Marion Konwanénhon Delaronde (born March 23, 1977) is a Kahnawakeronon artist, animator, director and puppeteer. Delaronde is known for her children's series Tóta tánon Ohkwá:ri, a show produced at The Kanien'kehá:ka Onkwawén:na Raotitióhkwa Language and Cultural Center (KORLCC) in Kahnawake. She is also the director of the Eastern Connections Film Festival, an Indigenous community run film festival which began in 2013. She is an advocate for the revitalization of the Kanien'kéha language and uses her creative projects to help her community further develop and promote learning the language. Marion is also a scholar and holds degrees from Concordia University. Over the years she have developed a portfolio that includes animated films, books, masterclasses and workshops.

== Biography ==
Marion Konwanénhon Delaronde is a Kanien'kéha (Mohawk) artist and director from Kahnawà:ke. She created an initiative called Teioiaks in 1999, which aimed to help local youth make short films. In 2004, she graduated from the Kanien’kéha Ratiwennahní:rats program from the KORLCC, a program geared towards enhancing adults in their fluency in the Kanien'kéha Language. She has a college diploma in languages and literature and a B.F.A. in Film Animation from Concordia University. Delaronde is the producer of the T.V. show Tóta tánon Ohkwá:ri and has been running the project for over a decade. She's co-host of a radio show on 103.7 FM for second language Kanien’kéha learners, which is entirely in the Mohawk language called Tewawennakará:tats. Delaronde has worked on the animated features The Lost World(2002) and Without a Whisper: KONNON- KWE (2020). Through her work and assisted work on films, Delaronde created the Eastern Connections Film Festival in Kahnawake. Marion is currently studying at Concordia University, enrolled in the Foundations of Science Certificate Program. In August 2023, as part of the Presence Autochtone Festival, she gave a masterclass on "community production in the original language." This class was presented by The Indigenous Screen Office and was held at The National Film Board in Montreal.

== Works ==
Tóta tánon Ohkwá:ri (TV Series) - Delaronde is the art director for the children's series and also voices many of the characters in the show. She voices the main character Ohkwá:ri, a young boy who enjoys spending time with his grandmother and their adventures, they teach lessons about healthy living, cooking, and traditional practices. The show currently is in its 18th season and uses comedy, puppeteering and hand drawn elements within the show.
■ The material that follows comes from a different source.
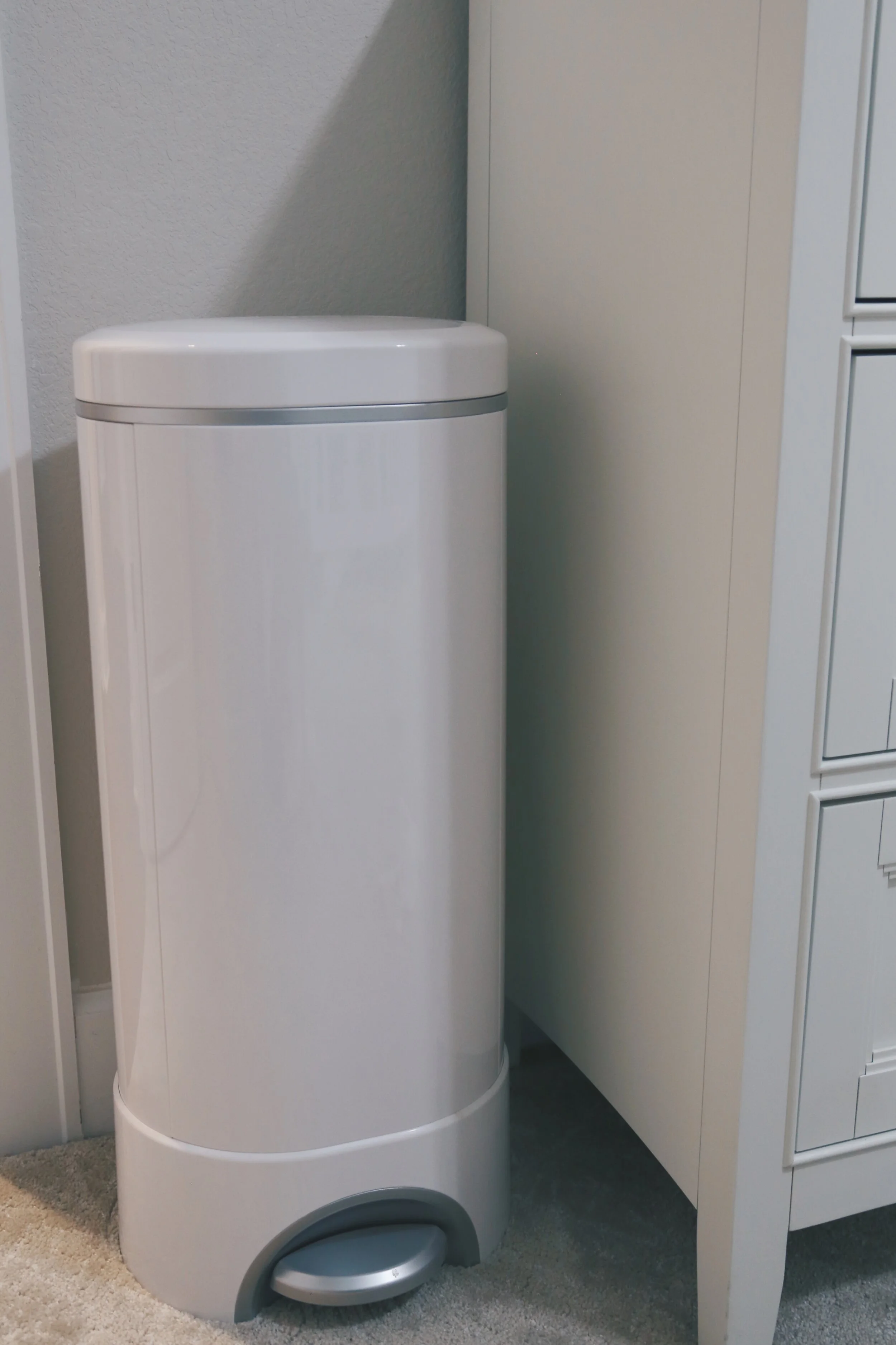 We decided on this diaper pail for our registry and we never looked back. We received it at one of our baby shower’s and it’s been great. I love the clean white look. We have never had an issue with smell. The bags are easy to remove and put on. Underneath the lid you can add an arm&hammer scent refresher. Works great! We use this everyday! Also sold on Amazon, Target, and Buy Buy Baby.

She first began the project by applying for a job at The Kanien'kehá:ka Onkwawén:na Raotitióhkwa Language and Cultural Center as a position for an art director for the show. It was at this moment the gears began to turn and Marion found inspiration from The Muppets show. She saw the creativity in an ensemble cast of puppets and quickly began working on the main character of the show Tóta, which means grandmother in Kanien'kéha. She later began to find inspiration from people in her everyday life in Kahnawake.

The Eastern Connections Film Festival (2011–Present) - Delaronde is the director of The Eastern Connection Film Festival in Kahnawake. The festival takes place annually in Kahnawake, it has previously taken place in Kahnawake's Legion Hall. The film festival is a collaboration with The Montreal's First Peoples Festival and The Kanien'kehá:ka Onkwawén:na Raotitióhkwa Language and Cultural Center (KORLCC.) During the festival films are screened accompanied by panel discussions and presentations from invited guests in the Indigenous film industry. The festival usually runs for two days, screening films during the day and at night. Previous editions of the festival have featured artists Devery Jacobs, Kaniehtiio Horn, Sterlin Harjo, Leo Koziol, Alanis Obomsawin and more.
Backyard Birds of Kahnawake (Book) - In 2022 she produced a field guide of local birds in the Kahnawake area. This field guide featured a puppet character made by Marion and a part of the Tóta tánon Ohkwá:ri series. This book is a collaboration with The Kanien’kehà:ka Onkwawén:na Raotitióhkwa Language and Cultural Center (KORLCC) and the Kahnawà:ke Environment Protection Office (KEPO). The project was also funded by the American Association for the Advancement of Science (AAAS).